I will then, in Section "Consequences for dependent Semantic Web
Standards and other Work", argue that the change may have
unfortunate consequences for other existing Semantic Web Standards,
which are based on RDF, such as OWL 2, SPARQL 1.1, and RIF,
and may possibly lead to a split situation, where some of future
versions of these standards will adopt the change made in RDF
while others may not.

Finally, in Section "Conclusions and Proposal", I will summarize
my arguments and argue that the consequences to be expected from
the change are strong and undesiarable, and would not exist if
the original notion of datatype maps would have been retained.
Consequencly, I will propose to revert the change to the original
situation as of RDF 2004, and to postpone further discussion of
the change to a future RDF Working Group.
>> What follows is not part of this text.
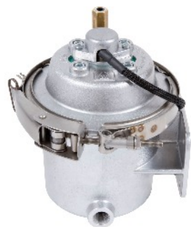
Smaller EDI 150 unit

Hydraulic systems, gearbox, stern tubes, thrusters etc., connected directly to the system whilst the machinery is operating ensures water and contaminants are treated immediately. Alternatively available as a stand alone unit with integral heater and pump for 24/7 off line cleaning.

== Description of the Change ==

RDF 2004 introduced the concept of a "datatype map", "being a set
of pairs of a IRI and a datatype such that no IRI appears twice
in D" (Chap. 5 of [01]; note: in order to ease the discussion,
I use the term "IRI" everywhere, although the RDF 2004 spec used
the term "URI reference" instead.) In the current PR of the
RDF 1.1 Semantics, D is not a set of IRI-datatype pairs anymore,
but a set of datatype IRIs only (Chap. 7 of [02]). It is also
not called a "datatype map" anymore, but is now called a
"set of recognized datatype IRIs".

The RDF 1.1 Semantics further states that (a) "the semantics
presumes that a recognized IRI identifies a unique datatype
wherever it occurs", and (b) that "the exact mechanism by
which an IRI identifies a datatype is considered to be
external to the semantics" (beginning of Chap 7).
The second Change Note in Chap. 7 informally elaborates
on this statement by saying that "the current semantics
presumes that a recognized IRI identifies a unique datatype,
this IRI-to-datatype mapping is globally unique and externally
specified". In contrast, RDF 2004 did not require a globally
unique association between datatype IRIs and datatypes.
Rather, the definition of datatype maps made it possible to
have IRI-datatype associations being unique only locally with
regard to a particular datatype map D, or, likewise, locally
unique to an entailment regime that uses a particular datatype
map D.

To illustrate the difference, consider the case of a custom
definition of D-RDFS with D including a new custom datatype.
In RDF 2004, it was possible to associate the the same IRI
to one datatype in one datatype map D1 and to a different
datatype in another datatype map D2. For example, the IRI
"ex:complex" may have been associated to a datatype
representing the mathematical field of complex numbers
in one extension of RDFS, and to a datatype representing
four-dimensional composites of real numbers for the
representation of space-time events in another extension
of RDFS. Under the RDF 1.1 Semantics, which requires the
existence of a globally unique IRI-datatype association,
this will not be possible anymore (regardless what the
globally unique IRI-datatype association will look like,
which is, as cited above, not fully determined by the
RDF 1.1 standard).

In addition, some of the semantic conditions related to
the semantics of datatype have been adjusted in order to
reflect the change mentioned above on a technical level.
In general, the semantic conditions now refer to applications
of a given interpretation I to a datatype IRI aaa, "I(aaa)",
instead of referring to the associated datatype by its
reference given in the datatype map, as was done in RDF 2004.
For example, compare the second of the Semantic conditions
for datatype literals in Chap. 7 of [02] with the third of
the General semantic conditions for datatypes in Chap. 5
of [01].

To summarize, the whole change here includes:

   * a change in nomenclature:
     ("datatype map" vs. "set of recognized datatype IRIs");

   * a change in the formal representation of the objects
     under consideration: a set of IRI-datatype pairs vs.
     a set of IRIs only plus an additional globally unique
     IRI-datatype association, together with adjustments
     to the semantic conditions for datatype semantics;

   * a change to the scope of uniqueness of IRI-datatype
     associations: this scope has been local to every
     particular datatype map in RDF 2004 while being global,
     and by intention mostly undetermined, in RDF 1.1.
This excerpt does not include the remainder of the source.